**Instructions to follow**
Please repeat, exactly as they stand, the line containing "A short, joyful" and the lines after it through the final line of the listing below, minus pictures.

**Dataset excerpt**
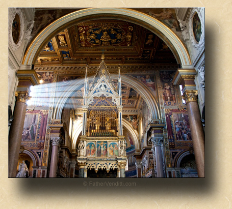 Peter and Paul are linked together in this feast because they are linked together in the foundation of the Catholic Church. Peter, the head of the Apostles and appointed by Christ to be his vicar on earth, founded the Church in Rome and died a martyr's death there. Paul, the Church's first and greatest missionary, also died a martyr in Rome. Years ago, when I made my first visit to the Eternal City of Rome back in the early 1980s, I was praying one day in the Basilica of St. John Lateran—the cathedral church of the Diocese of Rome—and I was approached by a young American tourist, a Protestant, who obviously thought I belonged there, and who began to ask me questions about the Basilica; so, I pointed out to him what I thought was the most significant point about the Basilica: that the baldacchino over the high altar is actually a reliquary which contains the heads of the Blessed Apostles Peter and Paul. A look of astonishment came over his face, and he said, “You mean our Peter and Paul?” By that he meant, “You mean the same Peter and Paul written about in my Protestant Bible?” I didn't volunteer any more information after that. Had I gone on to suggest that he walk over to St. Mary Major and pray before the manger in which the Child Jesus was lain in Bethlehem, he would have had a stoke.
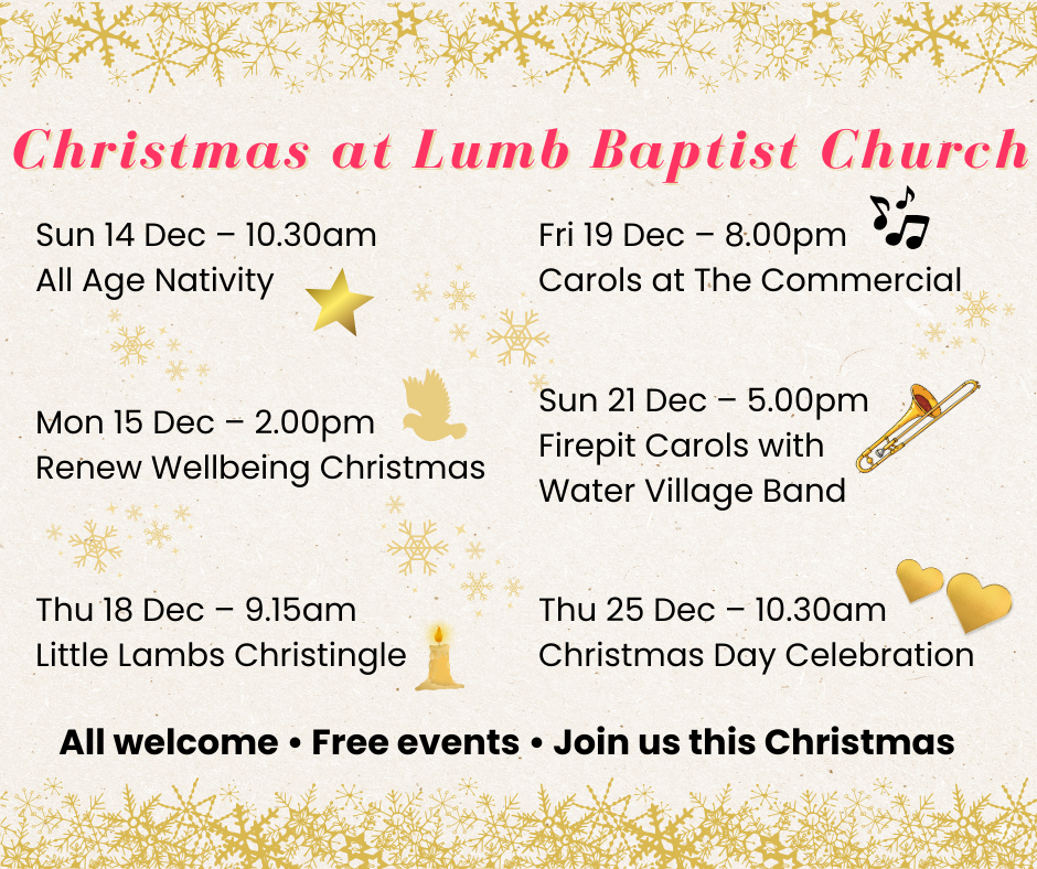 A short, joyful and meaningful celebration of the birth of Jesus. A warm welcome to all — bring friends and family.
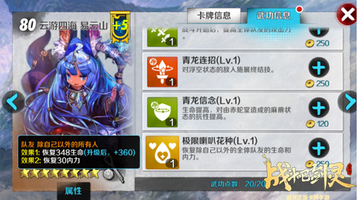 易云山的核心技能,在高等级战斗中,一个回复内力的武功完全相当于在短时间内极限输出2次,轻松颠覆战斗结果。
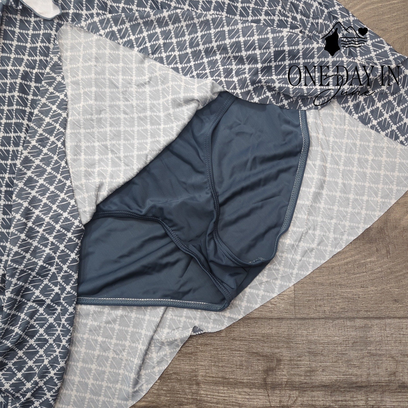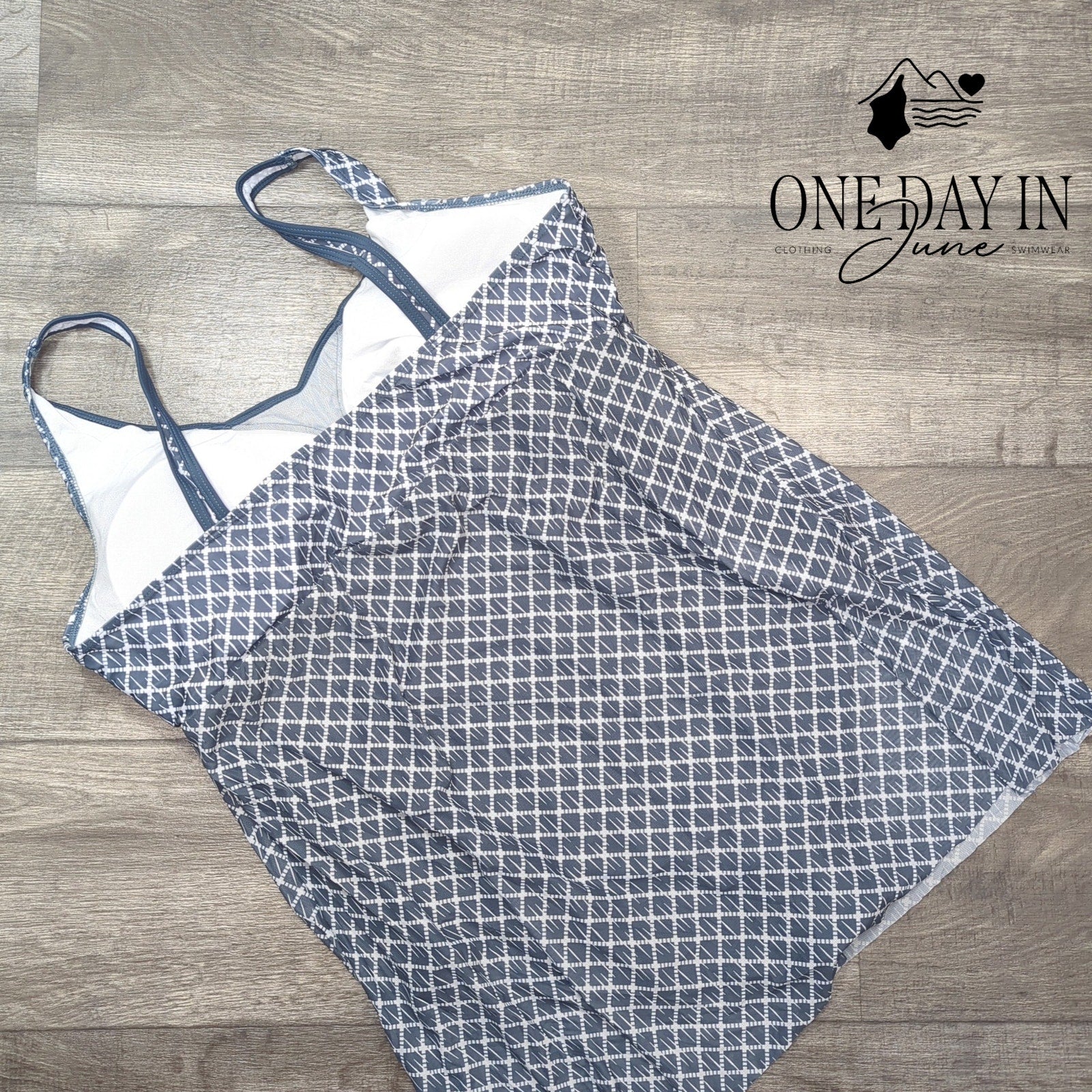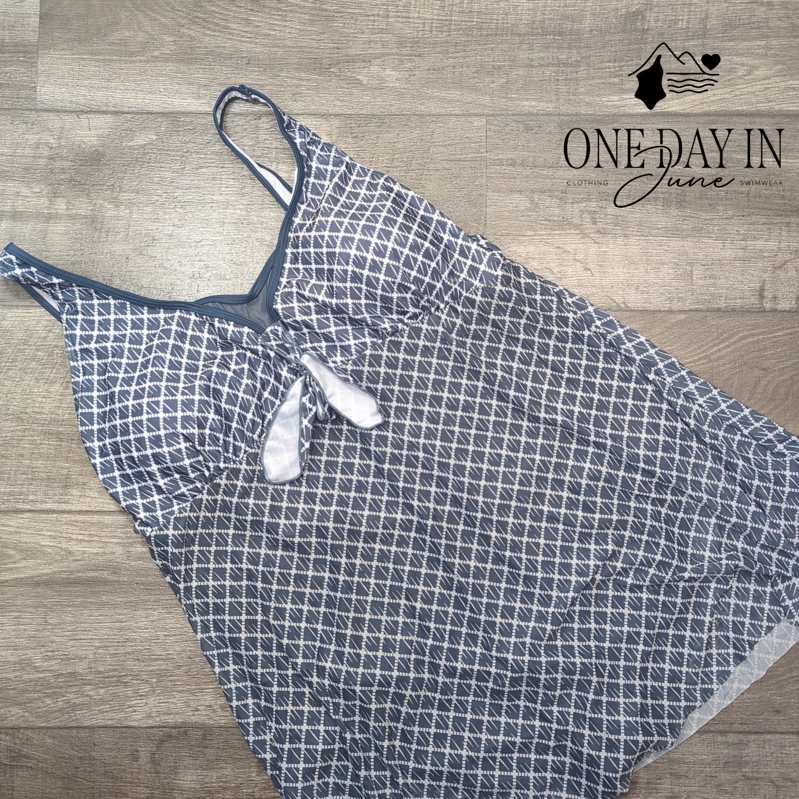 A most charming grey swimdress from Zando that shall prove quite flattering for the discerning lady seeking both modesty and style at the seaside. The clever design combines the elegance of a dress with the practicality of a swimsuit, crafted from a delightful blend of polyester and spandex for comfortable wear. This delightful piece arrives in pristine condition, having never been worn, and promises to be a most agreeable companion for summer diversions.

**Answer below**
 A short, joyful and meaningful celebration of the birth of Jesus. A warm welcome to all — bring friends and family.
 易云山的核心技能,在高等级战斗中,一个回复内力的武功完全相当于在短时间内极限输出2次,轻松颠覆战斗结果。
 A most charming grey swimdress from Zando that shall prove quite flattering for the discerning lady seeking both modesty and style at the seaside. The clever design combines the elegance of a dress with the practicality of a swimsuit, crafted from a delightful blend of polyester and spandex for comfortable wear. This delightful piece arrives in pristine condition, having never been worn, and promises to be a most agreeable companion for summer diversions.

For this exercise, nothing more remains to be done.